* **INPUT FOR THIS TASK**
* * * * * * * * *
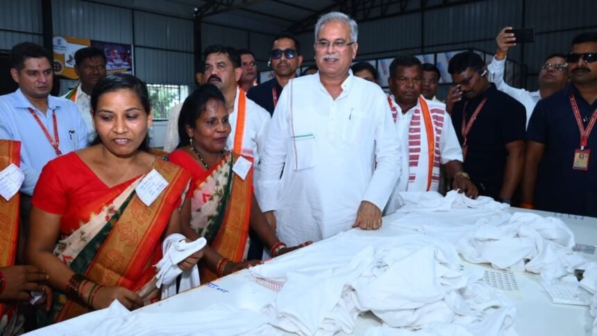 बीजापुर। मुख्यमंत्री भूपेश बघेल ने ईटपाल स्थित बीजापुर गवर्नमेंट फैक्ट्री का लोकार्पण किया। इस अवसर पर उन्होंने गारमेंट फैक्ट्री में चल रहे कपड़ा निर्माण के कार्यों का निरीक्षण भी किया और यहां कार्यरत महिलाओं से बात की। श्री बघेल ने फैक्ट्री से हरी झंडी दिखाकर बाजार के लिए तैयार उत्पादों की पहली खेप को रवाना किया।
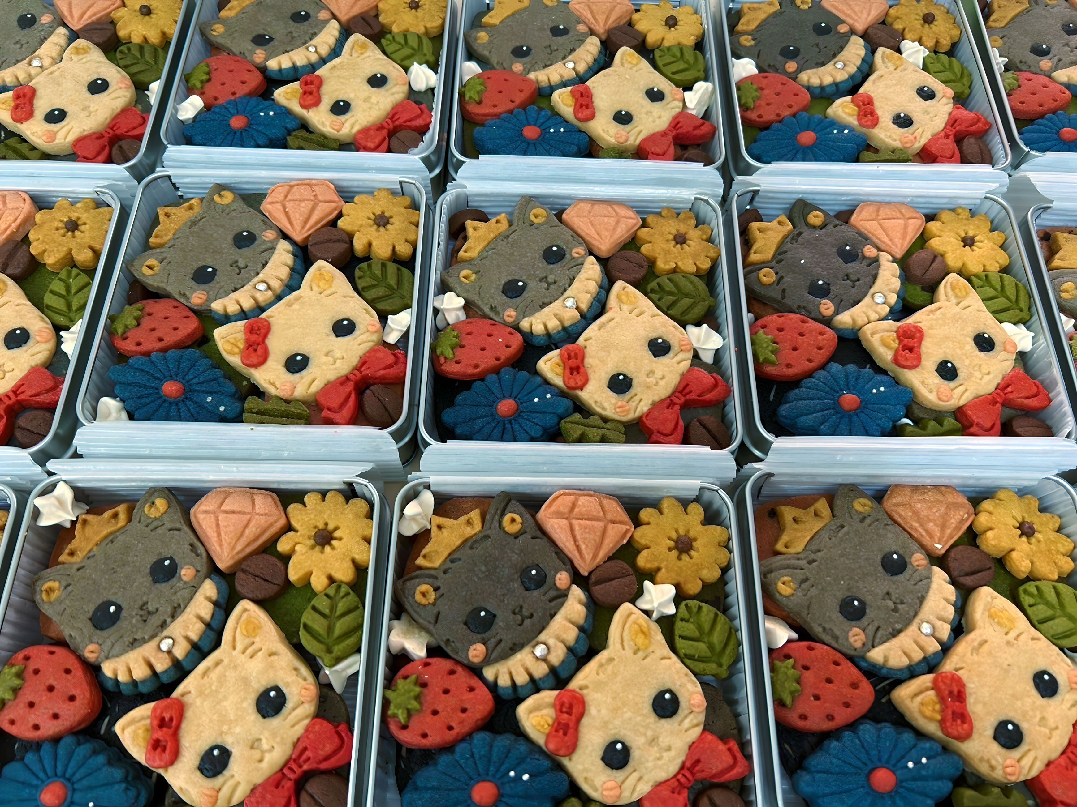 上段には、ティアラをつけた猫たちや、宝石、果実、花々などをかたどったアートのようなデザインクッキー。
* * * * * * * * *
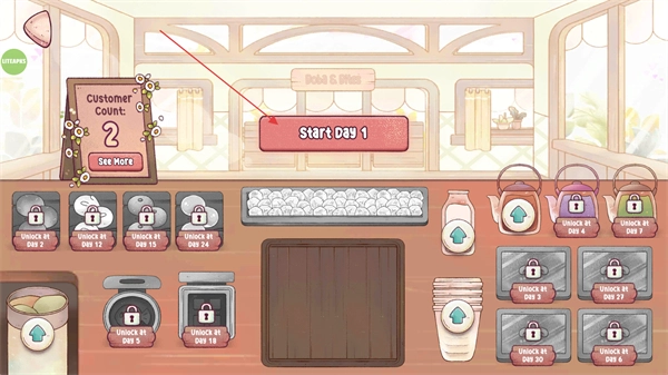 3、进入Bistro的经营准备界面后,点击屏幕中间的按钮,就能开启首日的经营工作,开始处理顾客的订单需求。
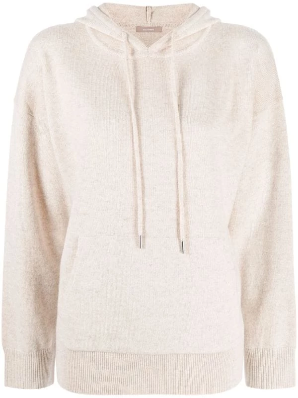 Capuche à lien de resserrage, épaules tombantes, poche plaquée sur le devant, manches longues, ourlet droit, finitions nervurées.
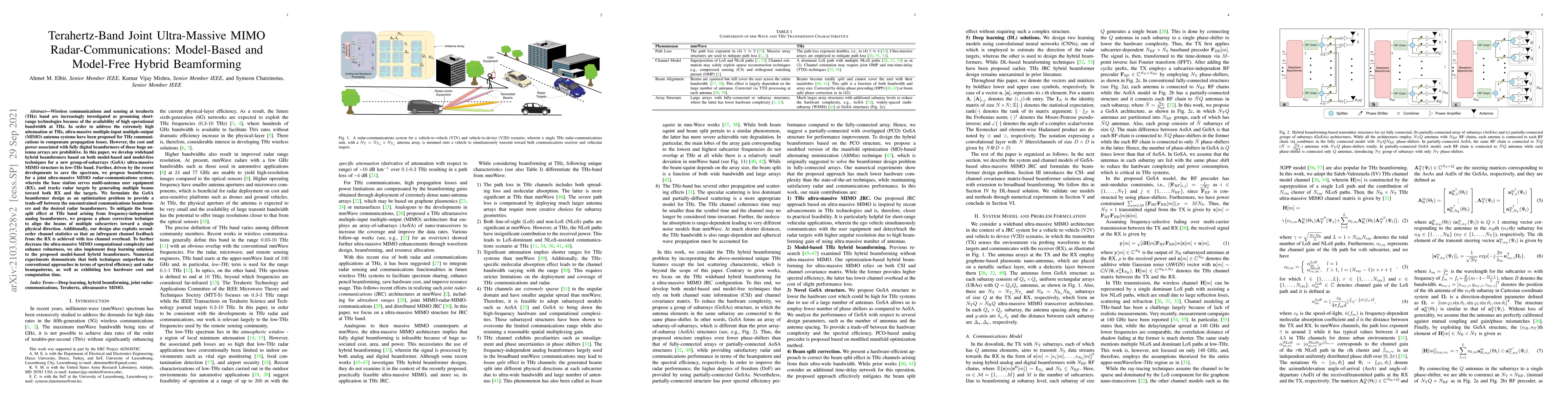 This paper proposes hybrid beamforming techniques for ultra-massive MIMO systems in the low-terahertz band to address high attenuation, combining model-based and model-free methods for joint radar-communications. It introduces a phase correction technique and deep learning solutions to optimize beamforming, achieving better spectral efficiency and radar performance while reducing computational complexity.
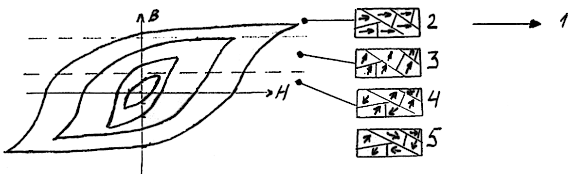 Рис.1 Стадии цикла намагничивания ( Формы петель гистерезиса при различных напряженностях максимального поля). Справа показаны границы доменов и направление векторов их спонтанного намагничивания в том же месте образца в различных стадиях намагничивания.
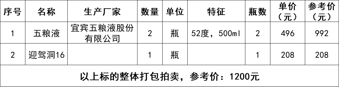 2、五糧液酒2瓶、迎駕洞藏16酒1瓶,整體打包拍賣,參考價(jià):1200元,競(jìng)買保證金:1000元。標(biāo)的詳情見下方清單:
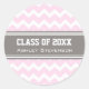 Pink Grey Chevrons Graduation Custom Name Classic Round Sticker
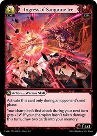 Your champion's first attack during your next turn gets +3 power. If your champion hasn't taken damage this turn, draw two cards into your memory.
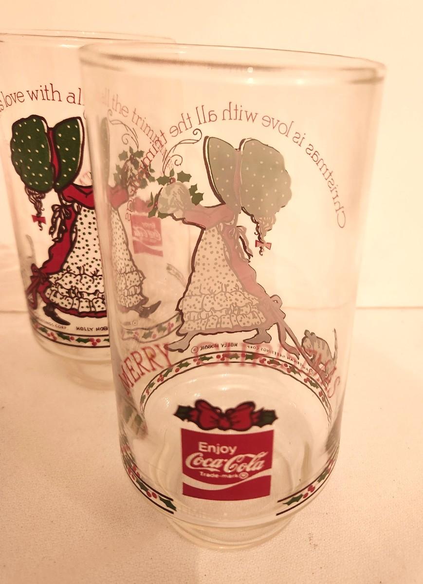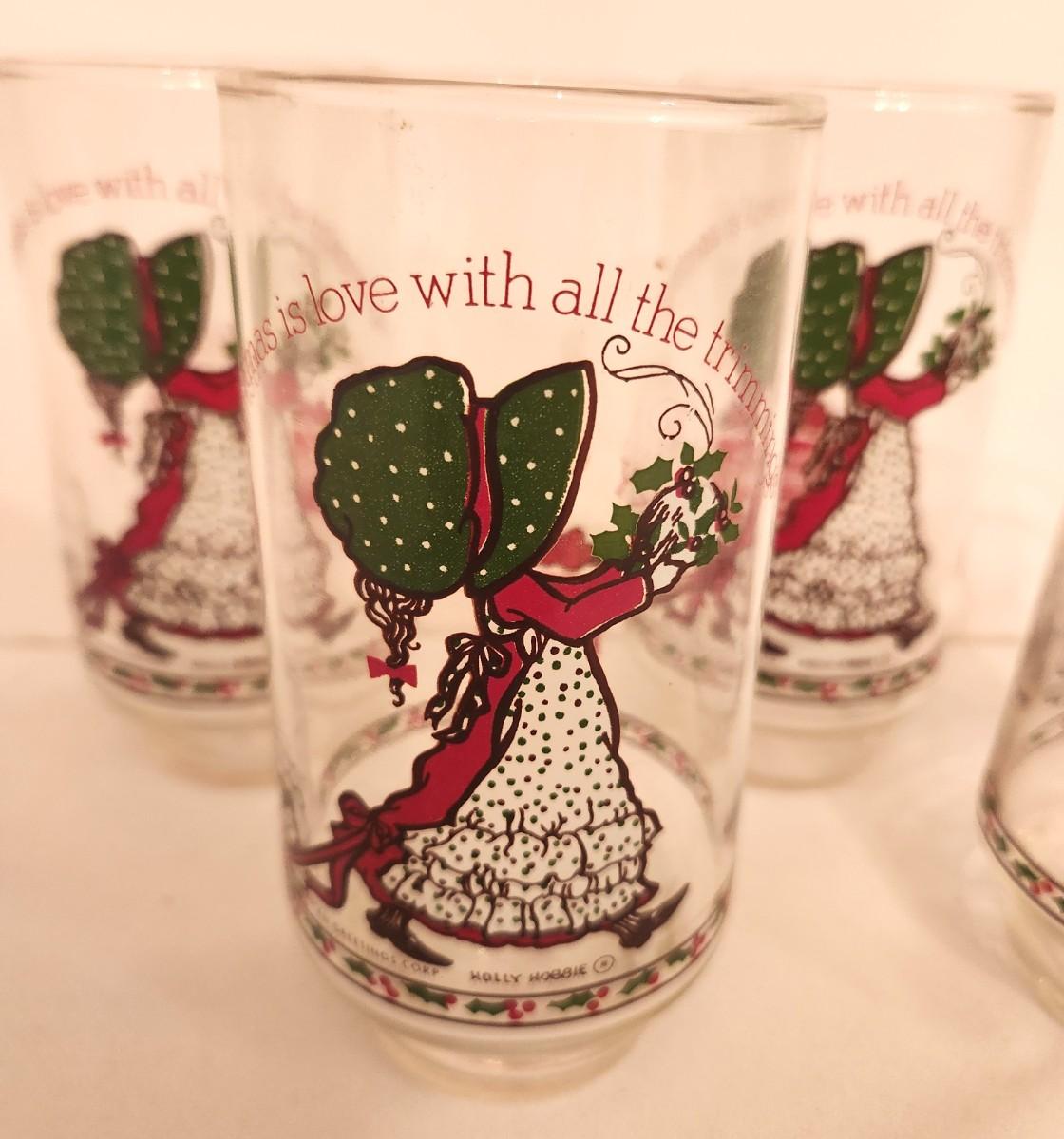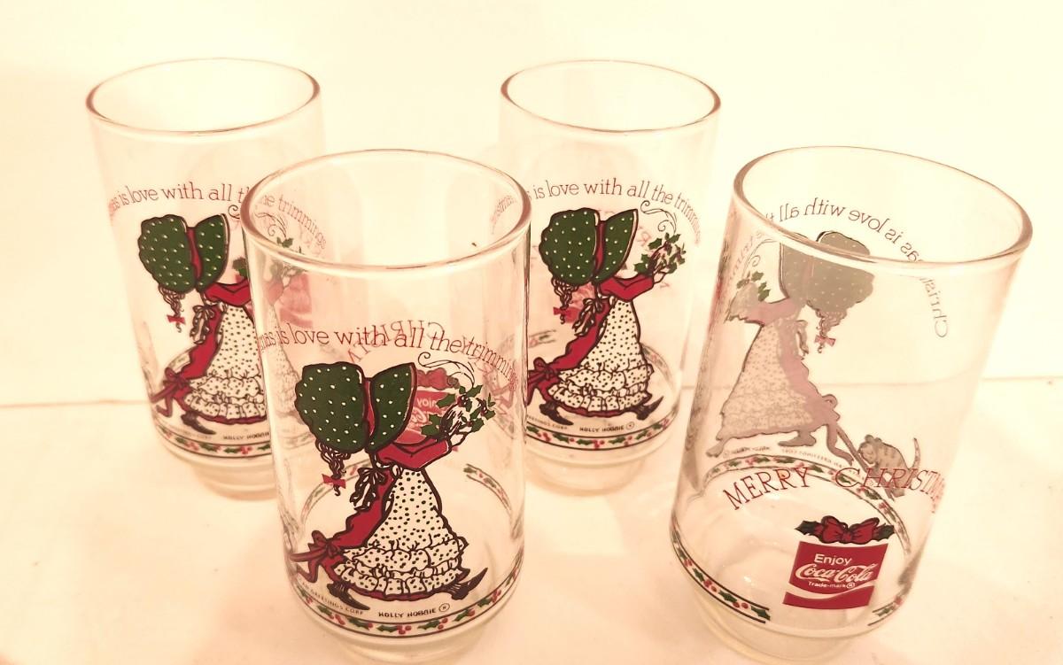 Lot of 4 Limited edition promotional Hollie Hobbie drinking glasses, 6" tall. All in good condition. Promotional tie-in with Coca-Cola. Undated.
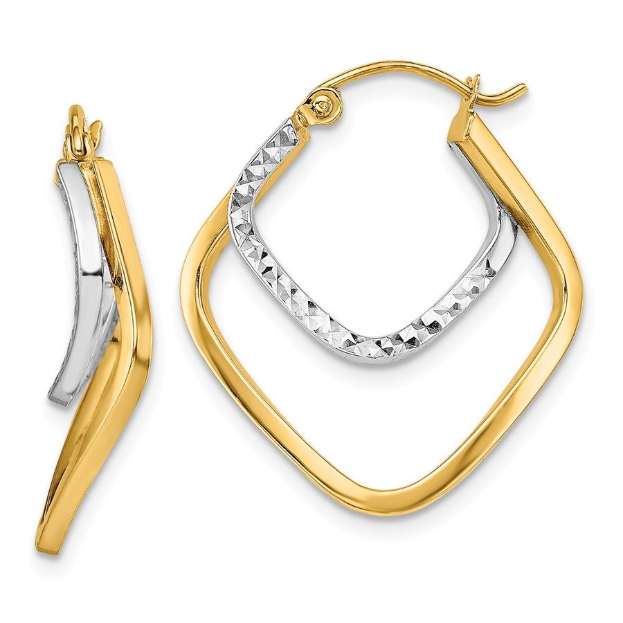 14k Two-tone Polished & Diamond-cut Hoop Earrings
* * * * * * * * *
* **PROBLEM DESCRIPTION**
Only one stretch of the entries above is needed: the lines from the one containing "This paper proposes" through the one containing "14k Two-tone Polished". Copy it exactly, without the pictures.

* **EXERCISE RESULT**
 This paper proposes hybrid beamforming techniques for ultra-massive MIMO systems in the low-terahertz band to address high attenuation, combining model-based and model-free methods for joint radar-communications. It introduces a phase correction technique and deep learning solutions to optimize beamforming, achieving better spectral efficiency and radar performance while reducing computational complexity.
 Рис.1 Стадии цикла намагничивания ( Формы петель гистерезиса при различных напряженностях максимального поля). Справа показаны границы доменов и направление векторов их спонтанного намагничивания в том же месте образца в различных стадиях намагничивания.
 2、五糧液酒2瓶、迎駕洞藏16酒1瓶,整體打包拍賣,參考價(jià):1200元,競(jìng)買保證金:1000元。標(biāo)的詳情見下方清單:
 Pink Grey Chevrons Graduation Custom Name Classic Round Sticker
 Your champion's first attack during your next turn gets +3 power. If your champion hasn't taken damage this turn, draw two cards into your memory.
 Lot of 4 Limited edition promotional Hollie Hobbie drinking glasses, 6" tall. All in good condition. Promotional tie-in with Coca-Cola. Undated.
 14k Two-tone Polished & Diamond-cut Hoop Earrings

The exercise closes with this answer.